Investing in continuous learning for healthcare professionals is non-negotiable


Healthcare organizations must adopt a pragmatic approach that integrates training into scheduled programs. (Image credit: ©HeroImages –

Working in the healthcare space has become increasingly complex as the industry navigates changes in technology, the way patients receive care, shifting regulations and other factors.

Adapting to these changes means setting aside time to build and deliver training or upskilling, yet there’s rarely a convenient time to pull nurses and doctors away from their responsibilities.

Leaders must consider taking a continuous approach to learning and development to deliver the necessary training in the most effective way.

Here are three strategies for doing so effectively.

Limiting the cycle of learning and burnout

Patient care and professional obligations are understandably prioritized during regular working hours, leaving hospital staff with little time or energy to pursue training outside of their responsibilities.

Healthcare professionals do have a desire for development and growth opportunities, but if the opportunities only add undue burden to their already strained schedules, they can often contribute to the very burnout that makes employees apprehensive about learning and development overall.

Healthcare organizations must adopt a pragmatic and intentional approach that integrates continuous learning into routinely scheduled programs. Ideally, a growth opportunity should not feel like an unbeneficial obligation. Instead, it should be designed to fit into schedules and delivered in easily digestible formats.

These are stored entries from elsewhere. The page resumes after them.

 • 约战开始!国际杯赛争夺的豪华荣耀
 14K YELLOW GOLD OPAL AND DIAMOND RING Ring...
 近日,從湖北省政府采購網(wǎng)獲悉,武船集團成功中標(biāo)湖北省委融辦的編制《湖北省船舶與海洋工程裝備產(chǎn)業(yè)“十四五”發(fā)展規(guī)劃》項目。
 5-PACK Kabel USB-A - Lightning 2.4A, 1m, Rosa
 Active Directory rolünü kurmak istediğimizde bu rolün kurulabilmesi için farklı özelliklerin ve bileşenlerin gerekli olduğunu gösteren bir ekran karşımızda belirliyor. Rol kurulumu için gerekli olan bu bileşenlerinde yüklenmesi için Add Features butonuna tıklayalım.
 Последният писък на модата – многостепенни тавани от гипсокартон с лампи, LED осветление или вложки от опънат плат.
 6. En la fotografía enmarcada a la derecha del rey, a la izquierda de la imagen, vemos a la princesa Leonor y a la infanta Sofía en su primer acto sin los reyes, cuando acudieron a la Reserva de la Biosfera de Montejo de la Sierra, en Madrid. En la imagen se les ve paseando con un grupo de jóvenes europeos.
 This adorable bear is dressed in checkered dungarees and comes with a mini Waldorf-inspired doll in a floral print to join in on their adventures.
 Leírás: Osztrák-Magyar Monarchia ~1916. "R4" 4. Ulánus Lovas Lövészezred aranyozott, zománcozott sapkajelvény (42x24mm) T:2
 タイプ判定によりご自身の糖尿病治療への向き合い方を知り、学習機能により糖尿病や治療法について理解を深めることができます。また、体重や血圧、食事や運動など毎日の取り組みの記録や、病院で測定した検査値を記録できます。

Prioritize teaching just one or two skills at a time that can be applied day-to-day, not forgotten a few weeks down the road.

Openly addressing logistical and emotional hurdles

When teams are being pulled out of training to prioritize other things, it communicates that learning itself is not a priority.

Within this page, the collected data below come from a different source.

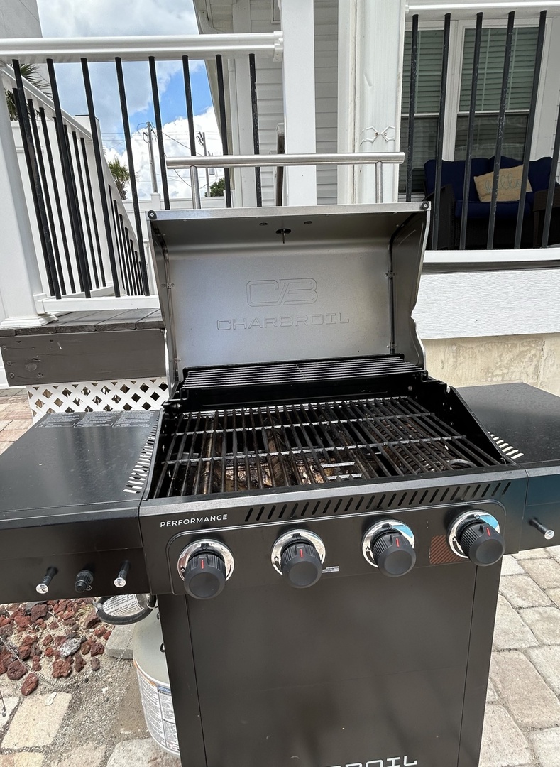 * A gas grill is in the backyard.
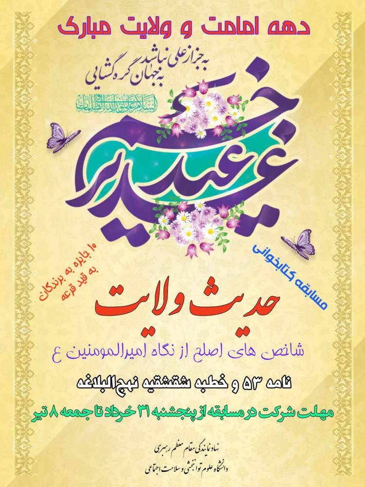 بمناسبت فرارسیدن ایام الله دهه ولایت، دفتر نهاد نمایندگی مقام معظم رهبری در دانشگاه علوم توانبخشی و سلامت اجتماعی مسابقه کتابخوانی حدیث ولایت را برگزار میکند.
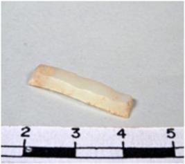 | Description / विवरण | A fragment of a rectangular shaped chalcedony blade showing flat sides with sharp cutting edges having smooth surface and uneven section. |
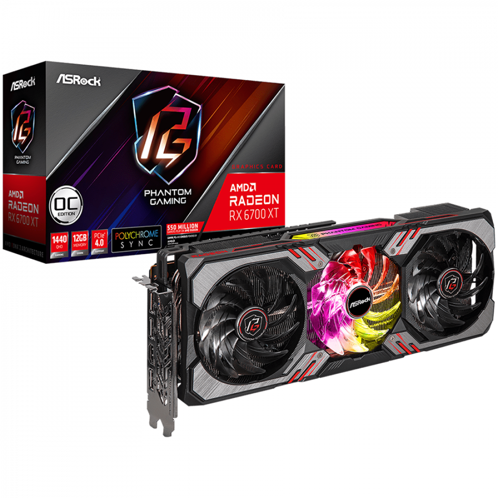 Asrock AMD Radeon RX6700XT Phantom Gaming D 12GB OC, GDDR6 192-bit, 1x HDMI 2.1 VRR, 3x DP 1.4, power 2×8 pin, recomended PSU 700W

Leadership must have a united front when selecting and promoting sessions they intend for the entire workforce to undergo. Showing that your organization supports ongoing development is critical. Avoid canceling or rescheduling training, minimize external distractions during the sessions, and get the full leadership team’s buy-in.

Continuous learning and development can be offered in shifts, ensuring ample coverage and minimal disruption to patient care. There should also be multiple methods of delivery available, such as options for online or hybrid learning, allowing the workforce to rotate through training based on their own preferences and availability.

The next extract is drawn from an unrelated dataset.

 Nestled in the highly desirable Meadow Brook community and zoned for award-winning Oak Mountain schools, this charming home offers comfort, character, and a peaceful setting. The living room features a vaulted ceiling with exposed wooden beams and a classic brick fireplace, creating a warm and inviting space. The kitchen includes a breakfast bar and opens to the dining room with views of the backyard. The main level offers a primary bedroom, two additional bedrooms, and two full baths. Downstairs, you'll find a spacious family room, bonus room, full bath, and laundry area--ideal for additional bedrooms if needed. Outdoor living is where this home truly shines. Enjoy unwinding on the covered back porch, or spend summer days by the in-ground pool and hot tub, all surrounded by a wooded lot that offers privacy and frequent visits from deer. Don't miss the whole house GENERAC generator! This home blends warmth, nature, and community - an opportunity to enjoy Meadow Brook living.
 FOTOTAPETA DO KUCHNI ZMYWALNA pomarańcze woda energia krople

Measuring Outcomes and Celebrating Success

Healthcare executives are in a unique position to both measure the efficacy of new training programs and communicate its successes to the larger workforce. With this in mind, a few steps leaders can take to ensure the success of a continuous learning and development program include the following.

  • Articulate the purpose: Sharing where the organization is going and how training programs are helping it get there will help define the reasons employees should participate in them.
  • Maintain ongoing communications: Check in with employees at multiple points in the training process to best understand what is working and what isn’t. The success of a program should not be measured in just knowledge retention – that knowledge also must be regularly applied and additive to a skillset.
  • Adjust resources and support as needed: No initiative is perfect and there is always room for improvement. What might need to change: time, funding, technology?
  • Promote a culture of learning: Foster a culture that values and prioritizes continuous learning. Recognize that professionals are not static employees; they want to grow alongside their career and be able to showcase new skills.

Recognizing and celebrating the impact of continuous learning and development initiatives is an important part of motivating the workforce and demonstrating the value of ongoing development. Sharing success stories – not just by data or hard numbers, but also through a feeling of accomplishment or greater ability to serve patients – can motivate other professionals to engage in future opportunities.

You may not land on the right learning and development fit for your organization on the first try, but by testing and learning to find the right fit, leaders can help address some of the main barriers that prevent employees from being able to pursue the development opportunities they desire. This will ultimately allow them to improve initiatives based on feedback, find what suits their needs, and create capacity for valuable training opportunities.

Investing in continuous learning and development can help the healthcare industry better react to the challenges of today’s environment and the future.

Kathy Gersch is chief commercial officer and founder of Kotter International, a consulting firm.